Кавгадый и Юрий остановились на торгу в некотором расстоянии от вежи Михаила и сошли с коней, а к нему отрядили толпу убийц. Эти последние, в числе которых были и русские отступники, бросились на его вежу, как дикие звери, и разогнали всех служивших ему. Князь стоял и молился; сначала схватили за деревянную колодку, надетую на его шею, и так сильно ударили об стену шатра, что она проломилась. Князь вскочил на ноги; но его снова повергли на землю и принялись бить нещадно пятами. Наконец какой-то изверг, по имени Романец, вонзил ему нож в ребра и вырезал сердце. Убийцы разграбили все, что было в княжьем шатре, сняли с князя и саму одежду; потом воротились на торг и объявили об исполнении своего дела. Кавгадый и Юрий подъехали к шатру. «Разве он не дядя тебе; зачем же тело его так брошено нагое?» – злобно заметил Кавгадый Юрию. Великий князь велел своим слугам прикрыть мученика, и один из них набросил на него свою котыгу (верхнюю одежду). Тело Михаила привязали к доске, положили на телегу и повезли на Русь, в сопровождении нескольких бояр и слуг Юрия. Когда они приехали в Маджары, довольно большой и торговый город на берегах реки Кумы, бывшие там русские гости, знавшие Михаила, хотели прикрыть его останки дорогими тканями и поставить их к церкви. Но жестокосердые московские бояре не допустили до этого, а поставили тело за сторожами в каком-то хлеве. То же самое повторили они и в другом городе, Бездеже. Наконец тело привезли в Москву и здесь схоронили.
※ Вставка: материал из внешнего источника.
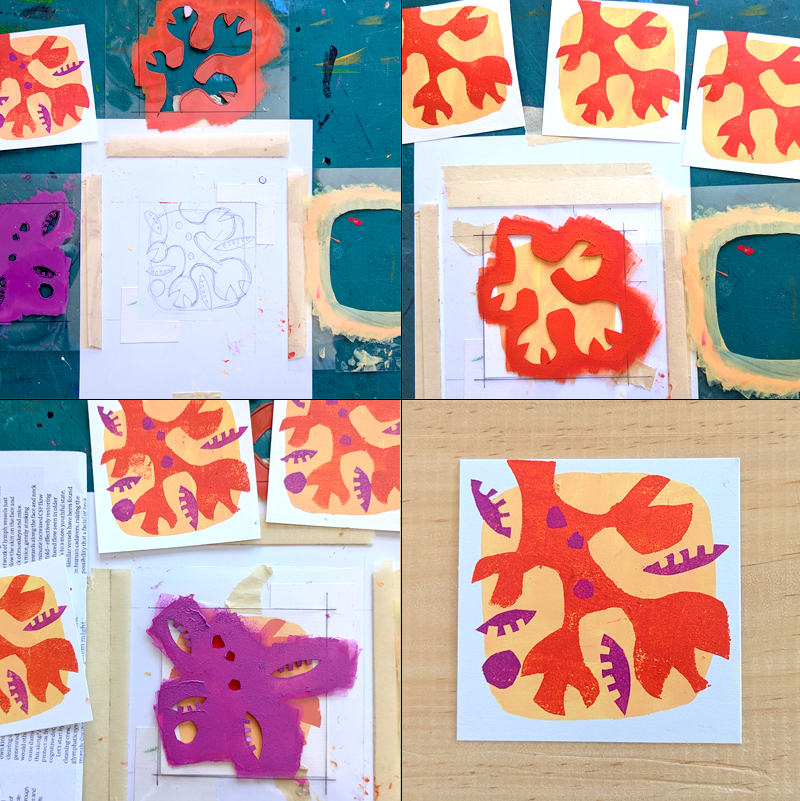 j’ai fait mon dessin, placé mes trois acétates dans lesquels j’ai coupé les formes que je voulais imprimer. c’est très très loin d’être précis et c’est ce que j’aime.

На следующее лето Юрий воротился на Русь, ведя с собой из Орды пленниками Михайлова сына Константина, его бояр и слуг. Тогда только тверичи узнали достоверно о судьбе своего князя. Супруга его Анна и его старший сын и преемник Дмитрий отправили во Владимир посольство, со вторым его сыном Александром во главе, просить великого князя, чтобы он отпустил тело Михаила в Тверь. Едва умолили Юрия отпустить тело, и то уже после заключения мира между Москвой и Тверью. Тверские бояре с игуменом и священниками отправились в Москву и привезли оттуда останки своего князя, которые и были погребены в тверском Спасском соборе, им самим построенном. Подобно своему соименнику Михаилу Черниговскому, также замученному в Орде, Михаил Тверской причислен к лику святых. Его вдовая княгиня Анна Дмитриевна постриглась в инокини; она почти на целых пятьдесят лет пережила своего супруга и скончалась в Кашине, удельном городе своего меньшего сына Василия6.
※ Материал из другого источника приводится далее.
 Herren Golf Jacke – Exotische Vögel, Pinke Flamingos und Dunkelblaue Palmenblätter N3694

Казалось бы, Москва взяла решительный верх над Тверью и последняя должна была навсегда смириться. Но борьба еще далеко не кончилась; изменчивое расположение ордынского властителя вскоре повернуло отношения соперников в обратную сторону. Юрий Московский взял с Дмитрия Михайловича Тверского 2000 руб. так называемого «выходного серебра», то есть назначенного для выхода или дани в Орду, но эти деньги пока удержал у себя и отправился княжить в Новгород. Дмитрий поехал в Орду, донес хану о присвоении Юрием выходного серебра и вообще так его очернил, что Узбек разгневался на московского князя, дал ярлык на великое княжение Владимирское Дмитрию Михайловичу, по прозванию Грозные Очи, и отпустил его на Русь с большим татарским послом. Когда Юрий отправился в Орду, чтобы оправдаться перед ханом, Дмитрий, опасаясь новой перемены, поспешил туда же. Неизвестно, что именно побудило тверского князя к убийству своего соперника; может быть, его волновала жажда мести за своего отца и он дал волю своему пылкому нраву; недаром же он имел прозвание Грозные Очи. Может быть, он слишком понадеялся на ханскую к себе милость. Известно только одно: раз при встрече с Юрием Дмитрий собственноручно его убил (1324). Московские бояре отвезли тело своего князя в Москву, где он и был погребен в храме Св. Михаила Архангела. Преемник его и брат, Иван Данилович Калита, занял московский стол еще при жизни Юрия, который последние годы проводил преимущественно в Новгороде. Пережив всех братьев, он теперь соединил в своих руках все московские волости.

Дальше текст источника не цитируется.